Frankie Wallach est membre du jury Contrebande et courts-métrages. Cela veut dire voir 8 à 10 films par jour. Et, décider collectivement à qui remettre un prix. Comédienne, réalisatrice, comment s’y prend-t-elle ? À quoi est elle sensible ? Quel lien avec son parcours, en particulier la réalisation de son film ‘Trop d’amour’ projeté au FIFIB l’an dernier ?
La bio publiée dans le programme du FIFIB nous apprend que Frankie a 27 ans et que « elle se frotte à la comédie dès l’âge de 8 ans, et tourne pour Josée Dayan, Lisa Azuelos ou Simon Pastier ». Sans jamais suivre le moindre cours de théâtre. À 16 ans, elle arrête et après le bac file à Londres, à Kingston Collège, où elle apprend surtout la théorie du cinéma. Pendant 3 ans. Elle rédige un mémoire sur Léos Carax. Retour à Paris, elle fait l’Ecole du Jeu de Delphine Eliet, basée à la Goutte d’Or à Paris. Une approche très corporelle du jeu, peu psychologique. Elle qui avait la phobie des auteurs classiques finit par les découvrir, Victor Hugo par exemple. « Je me suis reconstruite ». Elle décide alors de « réaliser ses propres projets » et commence par un court métrage puis un long métrage, sur sa grand mère, Julia Wallach, rescapée des camps de concentration. Elle a présenté ce film au FIFIB l’an dernier. Mais « sans fête » en raison de la pandémie. Alors cette année, elle revient avec grand plaisir à Bordeaux pour siéger cette fois ci au jury Contrebande. Contrebande présente des films « réalisés en dehors des schémas classiques de financement, chaque film répond à sa façon au caractère nécessaire et urgent de la création ». Cette année, la section comprend 4 longs métrages et 7 courts métrages en compétition.

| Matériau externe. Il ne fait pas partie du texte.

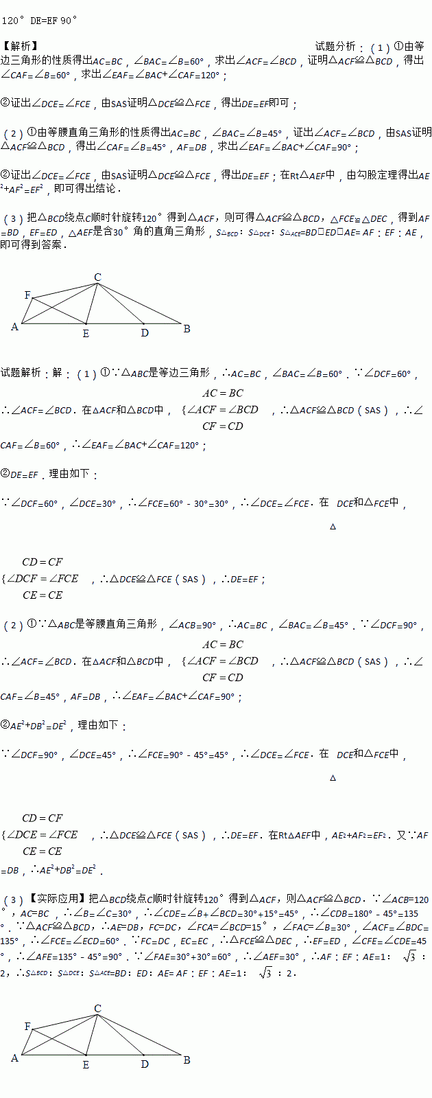 【实际应用】如图 3,△ABC 是一个三角形的余料.小张同学量得∠ACB=120°,AC=BC, 他在边 BC 上取了 D、E 两点,并量得∠BCD=15°、∠DCE=60°,这样 CD、CE 将△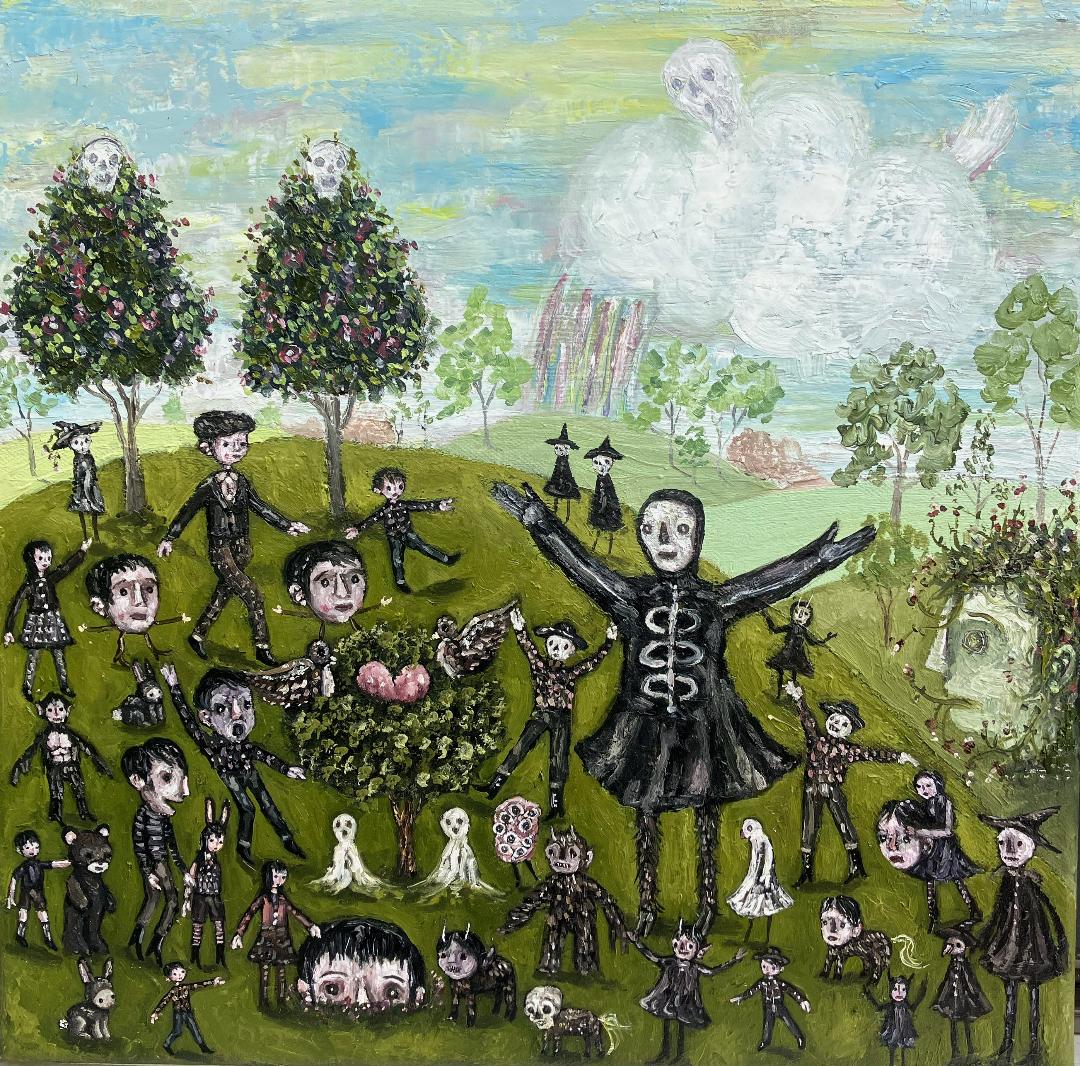 In Tripping Over the Underneath, Daniel Ferlan unveils a dreamlike cast of symbolic figures, masked characters, blooming skulls, and ghostly animals that inhabit landscapes where memory, innocence, and dread collide. These new works do not tell stories; they expose emotional truths, drawing viewers into an internal mythology shaped by love, fear, regret, and wonder. Ferlan’s paintings are not meant to be decoded but felt. Both deeply personal and universally human, this exhibition invites quiet reflection within surreal beauty.

Comment attribuer un prix ?
« Comment ça se passe de l’autre côté ? Est-ce que ce sont toujours les mêmes films qui sont primés ? Comment décider d’attribuer un prix ? » Telles sont les questions que Frankie Wallach avait en arrivant. Depuis, elle a plongé dans le grand bain. Cela demande une « concentration permanente ». « On est dans l’analyse pure, en se méfiant des éventuels effets halo : un film trop bien filmé, trop léché, trop démonstratif mais finalement trop prévisible ». Elle aime se laisser emporter, être surprise. Sinon, elle s’ennuie très vite. Pour cela elle ne se documente pas avant sur le film et la personne qui l’a réalisée. Elle vient pour se sentir « remuée », « déplacée ». Elle regrette une « tendance à trop récompenser l’engagement politique, au détriment des comédies » qui en disent parfois autant sinon plus sur la vie. Malgré un rythme soutenu, elle trouve cette mission « plaisante ».
Un film d’autofiction
Il y a une cohérence et une continuité entre ce que dit Frankie Wallach sur son rôle en tant que jurée et la façon dont elle a réalisé son premier film ‘Trop d’amour‘. Un film pour dire son « amour » à sa famille, mais aussi lui dire « au revoir », savoir rire pour cacher sa pudeur. Dans une interview à Sessùn, elle qualifie son film de « feeling good movie infusé de la Shoah ». Elle raconte son histoire familiale à travers sa grand-mère, Julia, rescapée des camps de la mort mais qui « aujourd’hui sourit, danse, a fondé une famille, vit ». Pour démarrer son film, elle se lance dans un financement participatif et recueille 20 000 euros sur les 5 000 attendus et finit par rencontrer des producteurs qui la soutiennent. Son film balance entre réalité (elle joue son propre rôle, sa grand-mère et son père aussi) et fiction, avec des comédiens professionnels pour jouer le reste de la famille. De l’auto fiction en quelque sorte. Elle adore passer du rire aux larmes, et réciproquement. Son film a été acheté par Canal+ pour être diffusé via CanalPlay. « Vivre », voilà la leçon qu’elle retient de l’histoire de sa grand-mère. Et aussi, ce qu’elle aime retrouver dans les films qu’elle voit.
Frankie Wallach, cinéaste de la vie. Retenez bien ce nom.